Kebijakan yang direncanakan pemerintah adalah menghimbau masyarakat kelas menengah atas yang menggunakan mobil mewah dianjurkan untuk mengkonsumsi jenis BBM lain yang tidak disubsidi yaitu Pertamax. Pertamax dipatok dengan harga Rp 7500,-/ liter dan berfluktuasi harganya sesuai dengan harga pasar yang berlaku. Dengan kebijakan tersebut, diharapkan arus distribusi BBM bersubsidi akan mengalir pada sektor industri dan masyarakat kalangan menengah kebawah yang kurang mampu. Upaya yang dilakukan pemerintah untuk membuat masyarakat mengkonsumsi pertamax cukup beragam. Opsi yang pertama adalah mengganti nama premium menjadi “bensin miskin”. Tentunya hal ini ditujukan untuk membentuk paradigma konsumsi masyarakat, namun pada kenyataannya penggantian nama ini bukanlah kebijakan yang efektif untuk dilakukan. Karena penggantian nama premium juga akan memakan biaya penggantian nama yang berlaku di seluruh SPBU yang ada di Indonesia, dan tentunya kebijakan ini justru merendahkan konsumen premium. Opsi kedua yang akan diambil oleh pemerintah yaitu pencabutan subsidi pada BBM jenis premium. Dampak dari kebijakan ini mampu menaikkan harga premium hingga hanya berselisih Rp 100-150,-/ liter dari BBM jenis pertamax. Kebijakan ini tentunya bukan kebijakan yang populer secara politik di mata masyarakat dan pemerintah. Karena kebijakan ini berpotensi menuai protes dari masyarakat dan menambah tingkat inflasi hingga 1,4% per tahun. Namun, kebijakan ini efektif karena mampu mengurangi potensi membengkaknya anggaran pemerintah sebesar 7 trilliun rupiah dan mampu merealisasikan target pembatasan BBM bersubsidi hingga 38,5 juta KL per tahun.
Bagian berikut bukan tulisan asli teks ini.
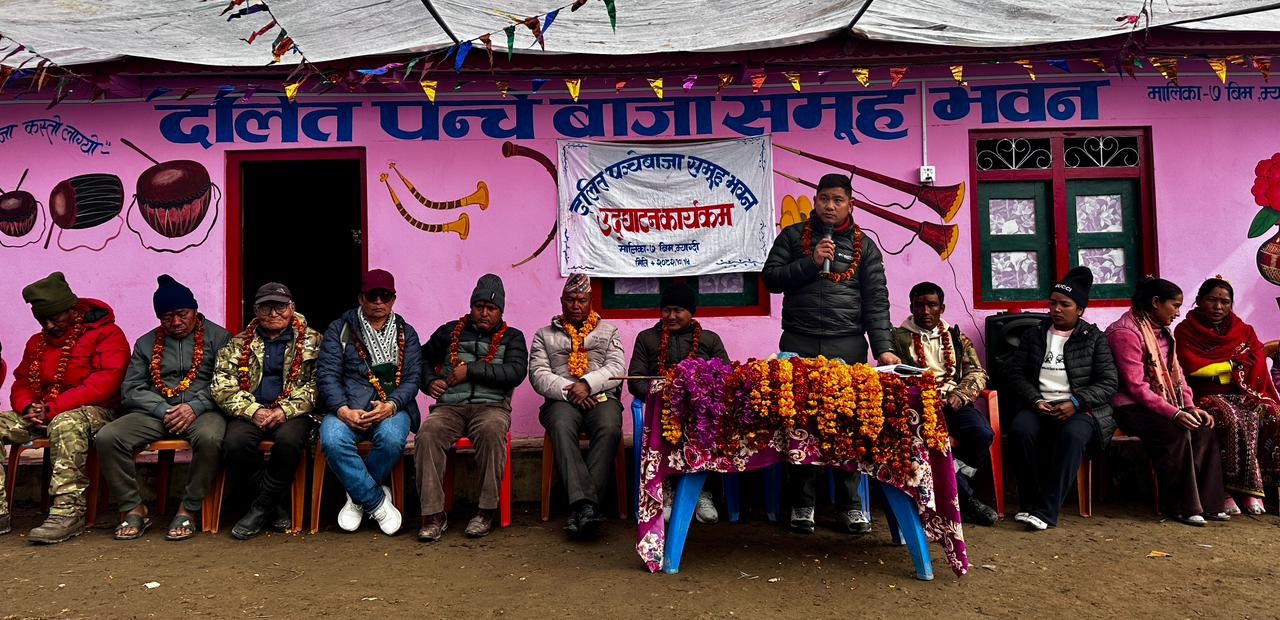 मालिका गाउँपालिकाको सहयोगमा दलित पञ्जेबाजा समूहले दुई कोठे बाजाघर निर्माण गरेका हुन् । समूहका अध्यक्ष रामबहादुर दर्जीले भवनमा मौलिक लोकबाजा भण्डारण, संरक्षण र तालिम सञ्चालन गरिने जानकारी दिनुभयो ।

Pemerintah, melalui Ditjen Migas menyatakan bahwa sudah tidak mempunyai cara lain untuk menghemat penggunaan BBM. Pembatasan penggunaan BBM bersubsidi dinilai merupakan satu-satunya cara penghematan energi di Indonesia. Pembatasan tersebut dilaksanakan dengan menaikkan harga premium dan solar menjadi Rp 7350-7400,-/liter sehingga masyarakat mulai beralih ke pertamax dan meninggalkan premium. Badan Pusat Statistik juga menyampaikan bahwa pengambilan kebijakan tersebut tepat jika dilaksanakan pada bulan Maret-April, mengingat momentum level inflasi Indonesia masih rendah. Selain itu, negara tetangga yang sudah mengambil kebijakan menaikkan harga BBM mendesak pemerintah Indonesia melakukan hal yang serupa karena kebijakan tersebut mampu menunjukkan tingkat respon pemerintah terhadap kondisi global.
Memang pada dasarnya kebijakan menaikkan harga BBM bersubsidi seperti solar dan premium akan memberatkan beberapa kalangan masyarakat. Namun, kebijakan ini merupakan kebijakan paling rasional yang harus diambil. Mengingat harga minyak dunia yang terus meroket dan adanya potensi membengkaknya APBN. Pemerintah hendaknya mengambil langkah cepat dalam mengantisipasi kenaikan harga minyak dunia yaitu dengan cara segera mengambil kebijakan yang tepat sasaran dan efisien. Kebijakan tersebut satu-satunya adalah pencabutan subsidi BBM jenis premium dan solar. Kebijakan populis seperti penggantian nama dan sekedar menunggu sebetulnya sangat tidak tepat dilakukan oleh pemerintah, karena sifatnya yang tidak menyelesaikan masalah. Terlepas dari polemik kedua kebijakan tersebut, Indonesia seharusnya masih punya banyak pilihan. Yaitu dengan merevisi MoU kontraktor ladang-ladang minyak di Indonesia. Sehingga Indonesia mendapat keuntungan produksi minyak mentah lebih banyak daripada kesepakatan yang sebelumnya telah dilakukan. Hal ini harus disadari oleh semua masyarakat, karena mengingat potensi Indonesia sebagai produsen minyak mentah, sangat konyol apabila nanti kenyataannya justru Indonesia yang mengalami kelangkaan minyak dan berbagai masalah mengenai BBM.